Today, I spend several hours condensing three adress books into one reliable and easy to find address/phone book.

What a mess and conglomoration. Tomorrow, I hope to tackle some more paperwork and get things cleaner and neater.

What kind of organizing do you all work on?:smack


----------



## mothernature (Aug 22, 2010)

I'm trying to organize (re-organize) my whole house, room by room - that's my new year's resolution! De clutter a little more, get rid of stuff I'll never use!


----------



## donnam (Sep 27, 2005)

I've spent the last several months working room by room to get things cleaned and organized. I usually do 2 weekends each month. Yesterday I cleaned through all of the kitchen cabinets and washed them well, and the fridge and stove. Next weekend will probably be the pantry. I plan to rotate through the year to keep up with it. Most importantly, I've stopped bringing stuff home that isn't important for our life style. I can't see the point of cleaning out my clutter if I am still adding to it.


----------



## mothernature (Aug 22, 2010)

We have a 20x24ft storage shed with 2 lofts. It holds a little bit of everything! I cleaned and re-organized it last week. Another big job out of the way!


----------



## ronron (Feb 4, 2009)

I do fly lady keeps me on a schedule


----------



## pixieduster (Dec 5, 2006)

I'm trying to organize/declutter the whole house too. This weekend I am working on the kitchen, dining room, and pantry. So much to organize, I keep putting it off because it seems so overwhelming. One thing I have learned, having a dog makes my kids keep their stuff in their bedrooms more instead of strewn across the house, lol. Atleast they care about their stuff enough to not let a puppy chew it up.


----------



## Ardie/WI (May 10, 2002)

When we defrosted our freezer, we wrote down an inventory and I put it on the computer!
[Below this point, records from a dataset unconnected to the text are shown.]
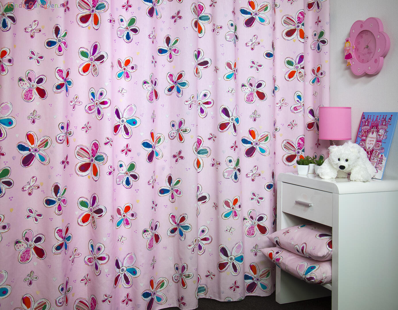 Het stylen van de kinderkamer is geweldig leuk om te doen en hoe bijzonder is het om een gordijn van een échte ontwerpster te hebben! De stof is mat en soepel vallend en de print aan de voorzijde gedrukt. Als je goed kijkt zie je die kenmerkende ‘Hanneke’ details, een klein opgestikt knoopje, een zig-zag steekje en andere speciale “kantjes & randjes.” Zij tekent hele mooie prinsessen boeken en in die sfeer is dit gordijn ontworpen. Wil je ook nog lekker donker slapen, dan kan het kindergordijn verduisterend worden gevoerd. Kortom, wil jouw eigen hartendief op een bijzondere manier naar dromenland? Geef je eigen prinsesje dan een fantasierijk Hanneke de Jager kindergordijn!
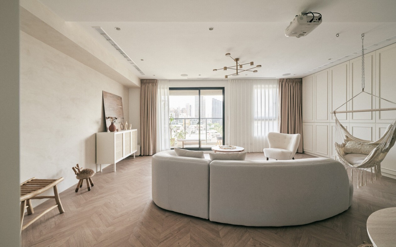 考虑到空间的使用,我们通常会将沙发摆放在边角处,但是在这个家里,为了更好的感受阳光、美景,设计师特意选择了弧形的沙发,并摆放在空间的中央位置,形成了一个有趣的舞台效果。
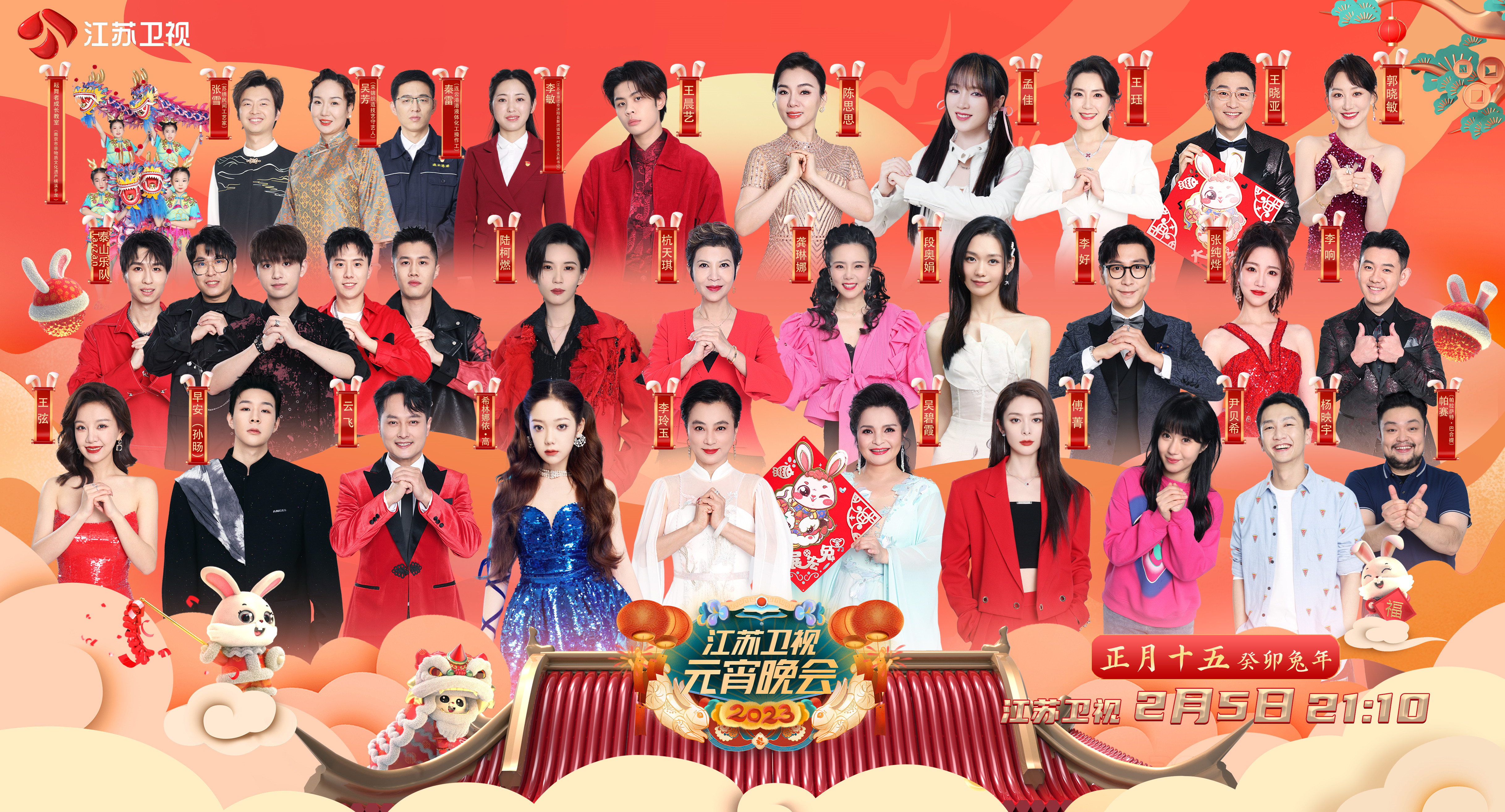 2月5日(正月十五)晚9:10,《2023江苏卫视元宵晚会》将与广大观众如期见面,为兔年春节画上圆满句号。

What a difference! When something is taken out or put into the freezer, the list gets updated!
I also date everything that goes in there so I know when something really should be used!


----------



## kaitala (Mar 24, 2011)

Ronron, flylady is great!

I especially like her "don't pull out what you can't put back in 15 minutes" philosophy.

I do little bits at a time, while (trying to) keep up with the regular cleaning chores, my DD and DH, all the animals, and school. Yesterday, I did one junk drawer. That surely was an adventure. What on earth made me think I'd NEED that stuff that now, I can no longer even identify to what it belonged!?!??!?!???

It's much better to organize as you go. Take that extra 2 minutes, rather than waiting to do a huge reorganization. Now if only I could always "walk that talk", I'd be fine.


----------



## mothernature (Aug 22, 2010)

Yeah!! Cleaned and re-organized my closet Friday, and defrosted the little freezer. Little by little the 'whole house' re-organizing is happening!


----------



## whiterock (Mar 26, 2003)

I cleaned out the pantry yesterday, today I'm puttin things back in, got way too much of some things and not enough of others. So, about normal.


----------



## Patsy (Apr 16, 2007)

One of my goals this year is to completely dejunk, clean & organize my house- and keep it that way! I found a box today that I'd forgotten about. It was paper that needs shredding or burning. The oldest thing I found was dated 1991! Yow!!!

2 weeks ago I got rid of 155 books. It encourages me to continue, but I have a problem with getting started again when I have to quit for a while. When I can't spend time really digging into things, I am trying to develop the habit of dejunking as I go. I find myself really looking at things- not just looking but seeing! And out it goes. Little things really add up!


----------